In theory, determining that a test isn't flaky would mean running the test an infinite number of times to confirm that it always succeeds; however, since we are limited in the number of test trials we can run, we need to choose a number that will balance both our confidence in the flakiness of the test and the resource consumption of the detection process. On CI, the tool will operate with a time bank, which will be distributed among tests, in order to ensure that it does not increase the duration of PR checks.


This project is currently aimed towards unit tests written in python, since these currently comprise the majority of out tests on CI. While this tool could theoretically be used to test integration tests, the time required to run these tests would make such coverage impractical. It also will not cover things such as test-order dependency or flakiness that is only reproducible in a specific environment. The main goal of this project is to try to provide a baseline coverage that can catch most flakiness with low effort and high impact.

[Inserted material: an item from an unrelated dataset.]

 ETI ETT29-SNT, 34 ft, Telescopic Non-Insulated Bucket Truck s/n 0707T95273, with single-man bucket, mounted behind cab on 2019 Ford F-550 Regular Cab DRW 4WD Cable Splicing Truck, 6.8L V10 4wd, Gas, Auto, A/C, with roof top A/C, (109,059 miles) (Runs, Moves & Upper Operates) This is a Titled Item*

The flaky test bot is composed of three components: Diff Collator, Test Selector, and Flakiness Checker. These stages each serve as a part of the flaky test detector, but have been decoupled from each other. Each stage exposes human-understandable input and output to facilitate debugging and extensibility. For example, the the flakiness checker may be useful as a standalone tool for developers working on flaky test fixes or implementing new test cases.

Diff Collator

The purpose of the diff collator is to retrieve a list of changes that have been made to the code and sanitize it before passing it to the next stage. This is done by taking the output of git diff and parsing it to obtain file names, top-level functions, and line numbers for each code change. For the purposes of the flaky test detector, only file and function names are needed for the dependency analyzer.

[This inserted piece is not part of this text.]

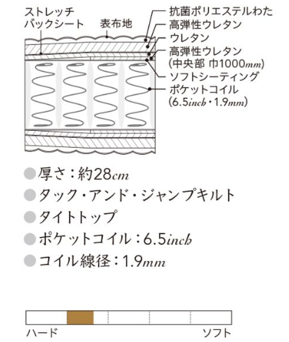 6.5インチポケットコイル(線径1.9mm)を使用しています。多くのご支持をいただくシモンズのベストセラーマットレスです。程良い硬さとクッション性でポケットコイルのサポートを感じられる、ベーシックなマットレスです。
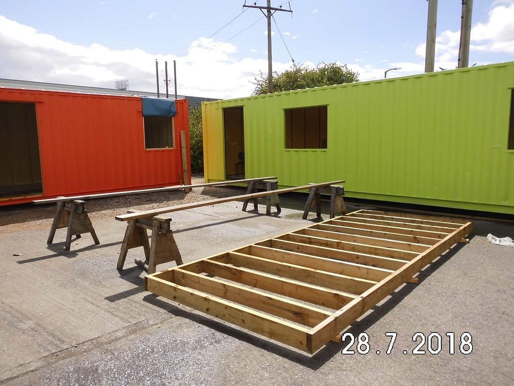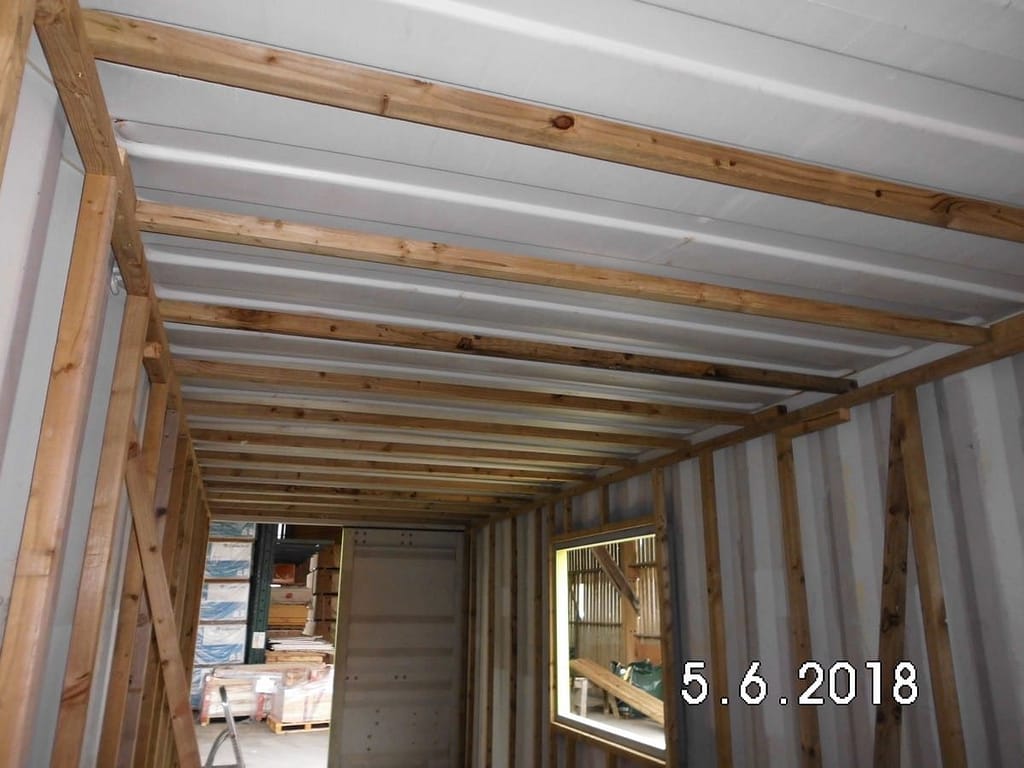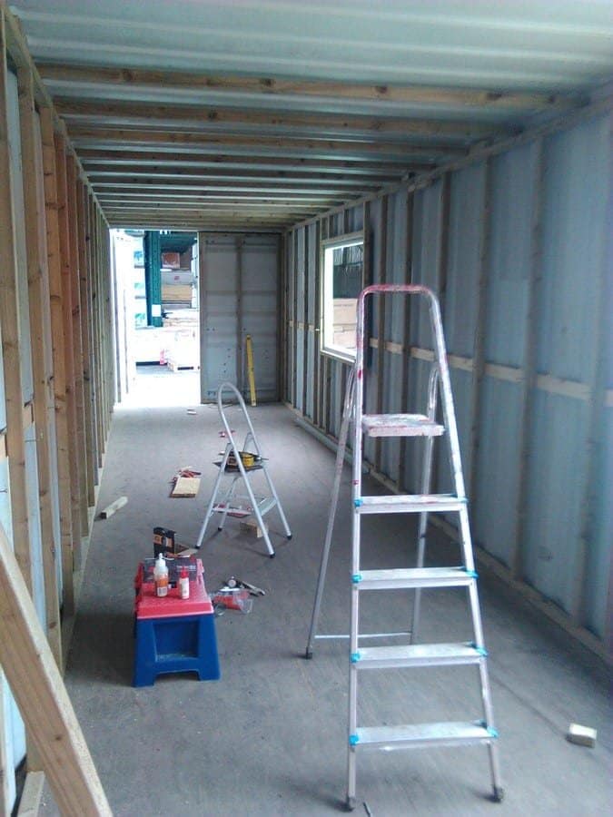 New space would normally supply these containers with a plywood floor but not of the same thickness as the 40 foot. We got them to put a metal floor under the floor joists instead. In this way we can insulate the floor to a good standard from the inside without losing head room.The picture on the right is the 40 foot with its timber stud framework ready for spraying.

  • Targets- By default the diff collator uses master and HEAD as the targets for git diff, but these can be specified using the --commits (-c) option, which directly compares two commits, or the --branches (-b) option, which compares the second commit to the common ancestor.
  • Verbosity- 3 verbosity levels can be specified by repeating the --verbosity (-v) option (e.g. -vv corresponds to verbosity level 2). Verbosity 1 outputs just file names, 2 outputs files with functions, and 3 outputs files, functions and line numbers. Defaults to 2.
  • Filters- Filter files that are included in the diff. --path (-p) can be used to specify a directory to be diffed, and --filter (-f) can be used to diff files that match a particular python regular expression. See https://docs.python.org/2/library/re.html for details.

Sample output:

python tools/flaky_test_bot/diff_collator.py -vvv --filter .*dependency_analyzer\.py

Dependency Analyzer

The dependency analyzer must be able to handle several different cases when it comes to codes changes:

  • A new test has been added
  • An existing test has been changed
  • A function upon which a test is reliant has been changed

Doing this within a single file simply means parsing the file for calls to function dependencies and returning the top-level callers. Across files, this is accomplished by storing cross-file dependencies in a config file, which is written in json; when a dependency in the config file is selected, its dependents are automatically selected as well. This avoids having to parse through every test file, but it also means that the config file must be updated when cross-file dependencies are changed.

Cross-file dependencies

As mentioned above, cross-file dependencies are handled using a config file. below is an example of such a file.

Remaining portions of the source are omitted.